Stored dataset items

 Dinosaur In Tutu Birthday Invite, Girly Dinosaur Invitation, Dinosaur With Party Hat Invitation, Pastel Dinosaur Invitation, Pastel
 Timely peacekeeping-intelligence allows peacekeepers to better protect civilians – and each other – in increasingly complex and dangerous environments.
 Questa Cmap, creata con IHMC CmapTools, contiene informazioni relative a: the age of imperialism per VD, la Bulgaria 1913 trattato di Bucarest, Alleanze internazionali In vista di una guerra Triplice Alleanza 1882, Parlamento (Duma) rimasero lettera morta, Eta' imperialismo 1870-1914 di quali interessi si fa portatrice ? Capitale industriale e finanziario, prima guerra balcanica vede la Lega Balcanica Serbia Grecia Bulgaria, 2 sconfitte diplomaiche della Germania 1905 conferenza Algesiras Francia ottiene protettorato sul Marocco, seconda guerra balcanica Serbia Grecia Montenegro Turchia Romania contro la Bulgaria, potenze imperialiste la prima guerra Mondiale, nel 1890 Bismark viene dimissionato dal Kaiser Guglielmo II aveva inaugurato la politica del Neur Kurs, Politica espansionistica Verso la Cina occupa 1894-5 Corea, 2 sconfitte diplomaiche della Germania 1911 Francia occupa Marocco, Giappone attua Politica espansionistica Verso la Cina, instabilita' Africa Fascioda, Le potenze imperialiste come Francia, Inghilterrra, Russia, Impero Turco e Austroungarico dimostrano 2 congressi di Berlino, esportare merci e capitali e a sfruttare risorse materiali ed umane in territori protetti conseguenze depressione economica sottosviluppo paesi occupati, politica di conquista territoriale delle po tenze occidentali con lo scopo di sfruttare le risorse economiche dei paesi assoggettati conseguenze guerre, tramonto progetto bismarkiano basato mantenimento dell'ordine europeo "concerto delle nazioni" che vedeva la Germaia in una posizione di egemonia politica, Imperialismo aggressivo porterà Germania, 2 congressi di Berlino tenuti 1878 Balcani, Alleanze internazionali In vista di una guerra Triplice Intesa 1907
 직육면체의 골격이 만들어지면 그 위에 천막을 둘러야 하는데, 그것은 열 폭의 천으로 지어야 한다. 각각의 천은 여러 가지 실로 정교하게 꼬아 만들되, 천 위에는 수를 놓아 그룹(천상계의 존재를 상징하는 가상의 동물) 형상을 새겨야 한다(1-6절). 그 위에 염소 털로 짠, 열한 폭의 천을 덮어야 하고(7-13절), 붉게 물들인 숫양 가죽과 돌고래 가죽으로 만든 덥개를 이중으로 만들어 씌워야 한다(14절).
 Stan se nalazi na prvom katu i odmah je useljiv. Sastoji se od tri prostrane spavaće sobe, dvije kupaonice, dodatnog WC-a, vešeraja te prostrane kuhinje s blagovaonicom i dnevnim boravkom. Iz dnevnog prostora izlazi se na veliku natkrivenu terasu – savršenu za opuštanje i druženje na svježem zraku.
--
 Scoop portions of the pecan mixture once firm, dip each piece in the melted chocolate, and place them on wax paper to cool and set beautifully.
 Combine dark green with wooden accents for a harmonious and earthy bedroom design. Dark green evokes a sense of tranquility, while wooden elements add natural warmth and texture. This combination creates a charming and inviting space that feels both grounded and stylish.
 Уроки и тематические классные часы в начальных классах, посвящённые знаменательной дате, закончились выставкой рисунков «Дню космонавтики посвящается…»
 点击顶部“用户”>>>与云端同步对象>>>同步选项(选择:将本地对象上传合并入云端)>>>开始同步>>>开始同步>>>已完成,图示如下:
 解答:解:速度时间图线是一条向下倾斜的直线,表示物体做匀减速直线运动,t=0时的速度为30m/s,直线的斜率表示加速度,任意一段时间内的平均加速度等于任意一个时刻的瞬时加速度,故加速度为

▸ **What you are asked to do**: Beginning at the line above that contains "직육면체의 골격이 만들어지면", return each line exactly through the line that contains "Stan se nalazi", and no others.

▸ **Response**:
 직육면체의 골격이 만들어지면 그 위에 천막을 둘러야 하는데, 그것은 열 폭의 천으로 지어야 한다. 각각의 천은 여러 가지 실로 정교하게 꼬아 만들되, 천 위에는 수를 놓아 그룹(천상계의 존재를 상징하는 가상의 동물) 형상을 새겨야 한다(1-6절). 그 위에 염소 털로 짠, 열한 폭의 천을 덮어야 하고(7-13절), 붉게 물들인 숫양 가죽과 돌고래 가죽으로 만든 덥개를 이중으로 만들어 씌워야 한다(14절).
 Stan se nalazi na prvom katu i odmah je useljiv. Sastoji se od tri prostrane spavaće sobe, dvije kupaonice, dodatnog WC-a, vešeraja te prostrane kuhinje s blagovaonicom i dnevnim boravkom. Iz dnevnog prostora izlazi se na veliku natkrivenu terasu – savršenu za opuštanje i druženje na svježem zraku.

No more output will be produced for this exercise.